27 July 2012

Faith is an elusive thing – 27 July 2012

Faith is an elusive thing. It is a bit risky to imagine we see clearly what faith is. Faith is usually not heroic or conspicuous. It is emphatically not what someone once called believing six impossible things before breakfast. And certainly it has little to do with what Kathleen Norris describes as the relentlessly cheerful and positive language about faith associated with the strong-arm tactics of “evangelism”. Jesus doesn’t talk about faith much – it is more that he responds to it when he sees it in other people. I am inclined to disbelieve anyone who says they have unshakeable faith. It’s as though they simply haven’t been paying attention. Faith has a lot to do with what the Benedictines call stability.
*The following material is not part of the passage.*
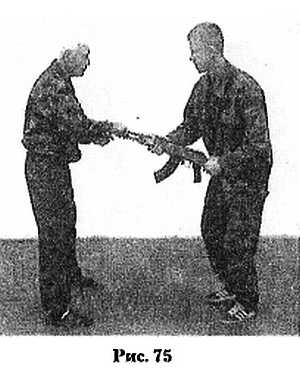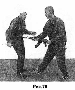 зацепив плоскостью ножа ствол автомата в районе мушки, рывком с вращением резко ускоряем оружие противника по направлению производимого им удара (рис. 76).
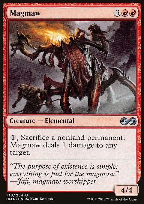 {1}, Sacrifice a nonland permanent: Magmaw deals 1 damage to any target.

Stability means that where we are now is where God is seeing us now. Sometimes in life we do have to make changes, and it is then important that we do if we can. But at a deeper level there is a deeper truth. The Desert Fathers and Mothers were very much against running around looking for excitement or something better. My problems are here, and if I run away I simply take them with me. The best-known desert saying of all is from Abba Moses: Sit in your cell. Your cell will teach you everything. Moving to another house, trying another medicine, changing to another church, buying a new outfit… all may be helpful, but also, maybe not. It is a fundamental principle of contemplative prayer and life that God is not somewhere else. And what the Desert Fathers and Mothers knew is that faith is probably boringly prosaic. It is usually a matter of taking the next step, putting one foot in front of the other, doing what now needs to be done. Abraham, the biblical exemplar of faith, it is said, went out, not knowing where he was going… The point is that he did what faith demanded, he took the next step, and then the next… And in our prayer, in meditation, that is what we do. We take the next step, we repeat the mantra. We find we have strayed. We take the next step, we return to the mantra. The next step in our prayer is to say the mantra. It is mindless, one might think, but it is actually mindful. In a place of the best silence and stillness we can manage at this moment, paying attention, we are saying Yes to God, in faith, in life and in death. And whatever we may be doing three hours or three years from now, we will still be saying Yes to God.